The options for each parameter are:

  • True: metadata is requested, and passed to fit if provided. The request is ignored if metadata is not provided.

  • False: metadata is not requested and the meta-estimator will not pass it to fit.

  • None: metadata is not requested, and the meta-estimator will raise an error if the user provides it.

  • str: metadata should be passed to the meta-estimator with this given alias instead of the original name.

The default (sklearn.utils.metadata_routing.UNCHANGED) retains the existing request. This allows you to change the request for some parameters and not others.

Added in version 1.3.

Parameters:
cs_groupsstr, True, False, or None, default=sklearn.utils.metadata_routing.UNCHANGED

Metadata routing for cs_groups parameter in fit.

cs_weightsstr, True, False, or None, default=sklearn.utils.metadata_routing.UNCHANGED

Metadata routing for cs_weights parameter in fit.

Returns:
selfobject

The updated object.

set_params(**params)#

Set the parameters of this estimator.

The method works on simple estimators as well as on nested objects (such as Pipeline). The latter have parameters of the form <component>__<parameter> so that it’s possible to update each component of a nested object.

Parameters:
**paramsdict

Estimator parameters.

Returns:
selfestimator instance

Estimator instance.

set_transform_request(*, cs_groups='$UNCHANGED$', cs_weights='$UNCHANGED$')#

Configure whether metadata should be requested to be passed to the transform method.

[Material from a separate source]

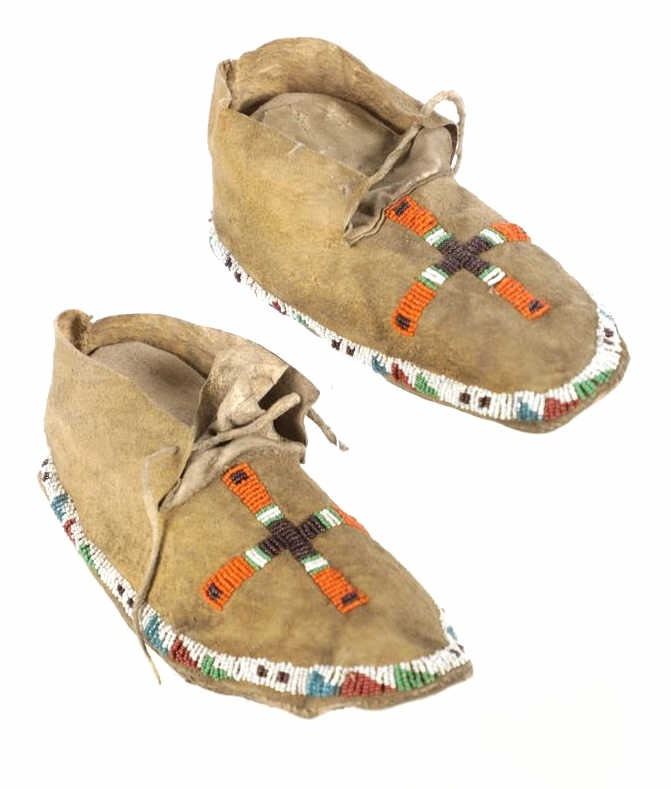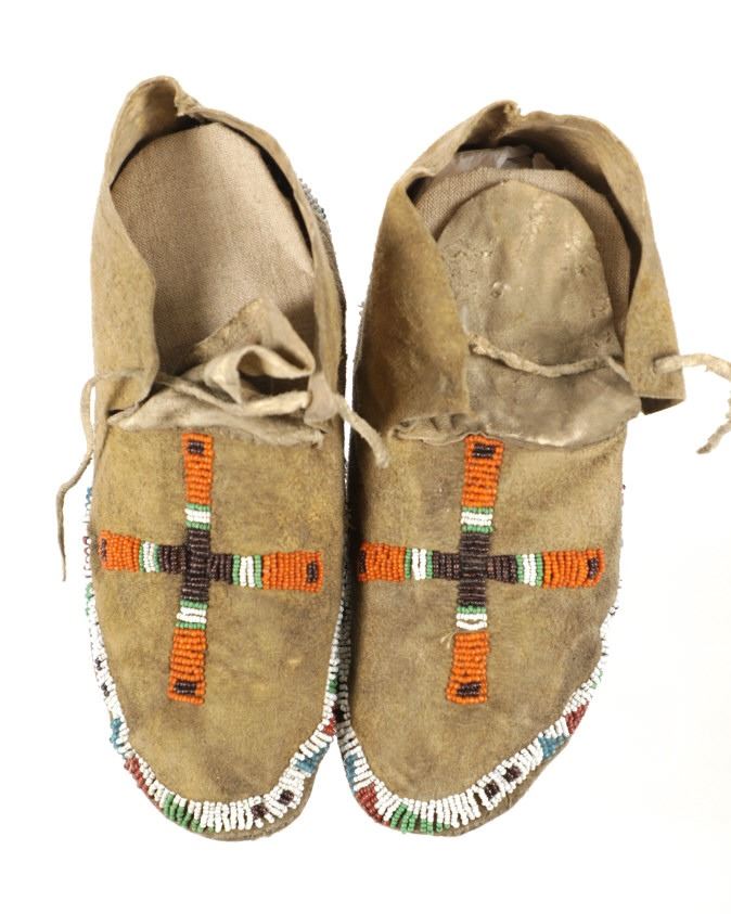 This is a fine set of 19th Century Indian hide and hard sole moccasins from the Crow Apsaalooke Indians of Montana. The set shows a classic medium height moccasin comprised of Indian tanned hide, likely Buffalo / Bison hide, sinew sewn with thick parfelche Buffalo / Bison hard sole bottoms with a nice foot worn pattern. The beadwork is cotton trade trade sewn with early glass trade seed beads in a pattern that has been documented and attributed to the Crow's of Montana. The beads include colors of greasy orange, lilac, chalk white, medium green, brown, and semi-transparent light blue. The sety has the original tongue and an Indina hide tie strap on both. The bases show some cracking, but are solid, the tops have some stiffening, but mostly supple. Little bead loss and well kept set that display beautifully with the bold Maltese cross pattern on the foot with border of beadwork at the base, which wraps around the entire foot. Utah collection. Each measures 9.5"L by 3 3/8"W by 3.75"H. Total weight of 6 oz.

Note that this method is only relevant when this estimator is used as a sub-estimator within a meta-estimator and metadata routing is enabled with enable_metadata_routing=True (see sklearn.set_config). Please check the User Guide on how the routing mechanism works.

The options for each parameter are:

  • True: metadata is requested, and passed to transform if provided. The request is ignored if metadata is not provided.

  • False: metadata is not requested and the meta-estimator will not pass it to transform.

  • None: metadata is not requested, and the meta-estimator will raise an error if the user provides it.

  • str: metadata should be passed to the meta-estimator with this given alias instead of the original name.

The default (sklearn.utils.metadata_routing.UNCHANGED) retains the existing request. This allows you to change the request for some parameters and not others.

Added in version 1.3.

Parameters:
cs_groupsstr, True, False, or None, default=sklearn.utils.metadata_routing.UNCHANGED

Metadata routing for cs_groups parameter in transform.

cs_weightsstr, True, False, or None, default=sklearn.utils.metadata_routing.UNCHANGED

Metadata routing for cs_weights parameter in transform.

Returns:
selfobject

The updated object.

transform(X, cs_weights=None, cs_groups=None)[source]#

Transform values into cross-sectional percentile ranks.

Parameters:
Xarray-like of shape (n_observations, n_assets)

Input matrix where each row is an observation and each column is an asset. NaNs are allowed and preserved.

cs_weightsarray-like of shape (n_observations, n_assets), optional

Optional non-negative cross-sectional weights used only to define the estimation universe through the convention cs_weights > 0. Percentile ranks are then estimated in an equal-weighted way over the selected assets. Non-estimation assets still receive percentile ranks relative to that universe. If None, all finite assets are included in the estimation universe.

cs_groupsarray-like of shape (n_observations, n_assets), optional

Integer group labels >= -1. Missing groups (-1) and groups with fewer than min_group_size estimation assets fall back to the global cross-section. If None, ranking is performed globally within each observation.

Returns:
Pndarray of shape (n_observations, n_assets)

Percentile ranks in \([0.5 / N_{\mathcal{E}_t},\, 1 - 0.5 / N_{\mathcal{E}_t}]\), where \(N_{\mathcal{E}_t}\) is the size of the cross-section or group fallback used at observation \(t\). NaNs from X are preserved.

Raises:
ValueError

If min_group_size is not an integer >= 1, X is not a non-empty 2D array, cs_weights is invalid, cs_groups is invalid, or any observation has no estimation asset.